Segment Start: Recorded data
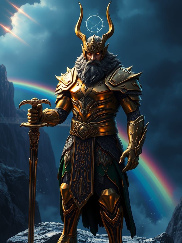 This hyperrealistic image shows Heimdall, Asgard's guardian, on the Bifröst. He wears shining golden armor, holds Hofund, and has glowing cosmic eyes, with the Rainbow Bridge behind him.
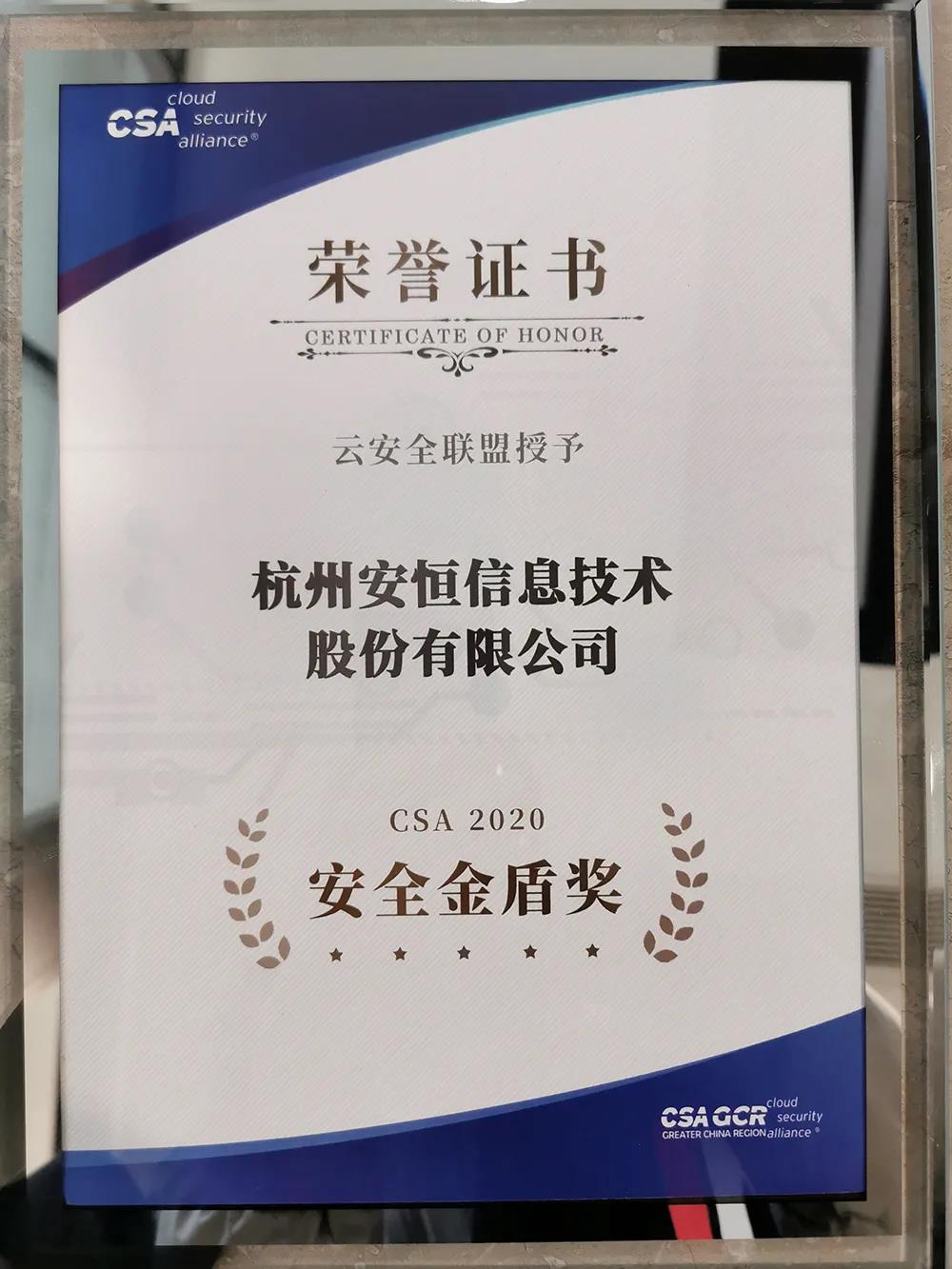 安恒信息作為首批加入CSA聯(lián)盟的成員單位,參與協(xié)辦本次大會(huì),并獲得云安全聯(lián)盟大中華區(qū)頒發(fā)的“CSA GCR 五周年貢獻(xiàn)獎(jiǎng)”、“CSA 2020安全金盾獎(jiǎng)”兩項(xiàng)殊榮。
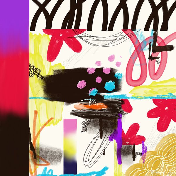 This abstract digital artwork is a visual archive of memories—colors, shapes, and spontaneous marks layered together to form a vivid emotional landscape. Every stroke carries fragments of childhood doodles, playful gestures, and intuitive explorations that merge into a warm, nostalgic atmosphere. The composition captures how memory…
Segment End: Recorded data
What to work on —
The answer is the full listing above, reproduced character for character, minus its images.

Response —
 This hyperrealistic image shows Heimdall, Asgard's guardian, on the Bifröst. He wears shining golden armor, holds Hofund, and has glowing cosmic eyes, with the Rainbow Bridge behind him.
 安恒信息作為首批加入CSA聯(lián)盟的成員單位,參與協(xié)辦本次大會(huì),并獲得云安全聯(lián)盟大中華區(qū)頒發(fā)的“CSA GCR 五周年貢獻(xiàn)獎(jiǎng)”、“CSA 2020安全金盾獎(jiǎng)”兩項(xiàng)殊榮。
 This abstract digital artwork is a visual archive of memories—colors, shapes, and spontaneous marks layered together to form a vivid emotional landscape. Every stroke carries fragments of childhood doodles, playful gestures, and intuitive explorations that merge into a warm, nostalgic atmosphere. The composition captures how memory…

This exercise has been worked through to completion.